# Power steering-cant keep topped up



## fjacky (Jul 29, 2005)

1997 cavalier. I've filled it up with those stop leak products but still can't keep it topped up. I cannot see any visible leaking. 

Thoughts?

Possible easy fixes?

Thx


----------



## Bigplanz (Apr 10, 2009)

Start the car, let it warm up. Turn the steering wheel from one side to the other about ten times, slowly. Don't stress the steering, just gently turn from one side to the other. Then open the hood and check the pressure line fitting at the pump. If it is wet, you've found your leak. If not, then you have a leak down at the rack (probably). It's almost always the pressure line that leaks. If you can get under the car safely, you can DIY but it's messy and you have to replace the power steering fluid. The pressure line on my Olds was a PITA. I was filthy when I was done, but didn't spend $180 for the repair either. Tip: wear safety glasses under the car. It is a rain of crud that comes down when you take the line off. One of those plastic hair cover things like they wear in commercial kitchens is a good idea too. You will get FILTHY.


----------



## Bondo (Dec 8, 2007)

> Possible easy fixes?


Ayuh,... Exremely Unlikely....

Bigplanz has a good plan to find the problem,... Ya just gotta Look harder....


----------



## 47_47 (Sep 11, 2007)

Bigplanz said:


> then you have a leak down at the rack (probably)
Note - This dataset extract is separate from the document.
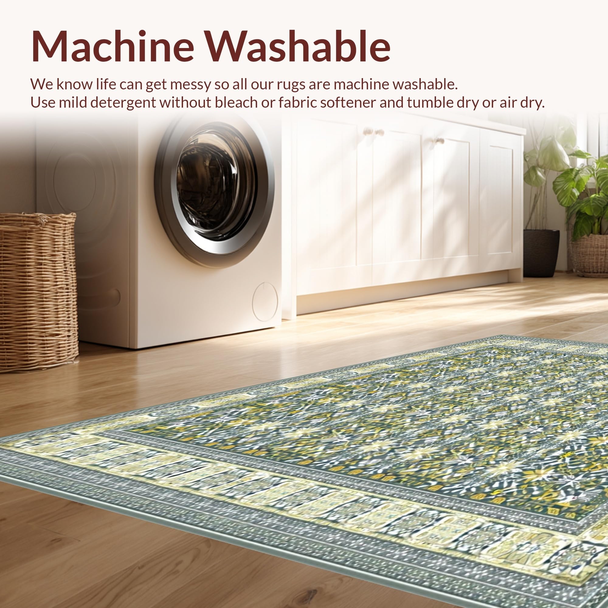 - Machine Washable: Our rugs can be easily thrown in the wash machine.

Agree with Bigplanz, remove an inner tie rod bellows boot clamp. It is probably storing the fluid.


----------



## ratherbefishin' (Jun 16, 2007)

47_47 said:


> Agree with Bigplanz, remove an inner tie rod bellows boot clamp. It is probably storing the fluid.


Yup, had that problem recently with my daughter's '01 VW Cabrio. The fix is replace the rack with a rebuilt. Replacing the seals isn't a DIY job and most shops won't mess with racks these days, they just swap it out and send the old one to a rebuilder. The Cabrio is a PITA to work on, many are easier, don't know about the Cavalier. Good luck!


----------



## Bigplanz (Apr 10, 2009)

Replacing a rack on a Cavalier isn't particularly 'hard' but it is a challenge for anyone without the right equipment. Pull the boot, if fluid comes out, yeah, replace the rack is the only sensible solution. I checked, and a new one can be had at Autozone for $150. The PITA parts are: getting it out (major PITA, which can involve pulling out the power brake booster if it is in the way of above access) and which will require some jackstands, an impact wrench (good one) to get the bolts off and (maybe) dropping the frame rail five inches to pull the thing out through the wheel well. Yeah, it's that fun of a job!

Then, you have to drain all the fluid, which isn't really hard since it is gonna come gushing out when you disconnect the lines, but you should replace the pressure and return line and the pump too if you are replacing the rack. The pump and lines get crud in them and that crud will go straight into your brand new rack, thus, well, ruining it. Pump, $40, return line $54, pressure line $32, Oh, and new fluid.

Essentially, you are replacing the entire power steering system on a 13 year old car for about $300 and 10-12 hours of DIY work.

You might want to just keep topping it off.


----------



## 47_47 (Sep 11, 2007)

Another word of caution, make sure that the steering wheel is centered and locked before removing the old rack from the steering shaft and the new rack is centered before installing. If not, you will damage and need to replace the SIR coil.


----------



## ratherbefishin' (Jun 16, 2007)

And DISABLE THE AIRBAGS!

fjacky, what stop leak did you use? Lucas is the only one I've ever found to really work, and then only if it's just minor seal leaks.


----------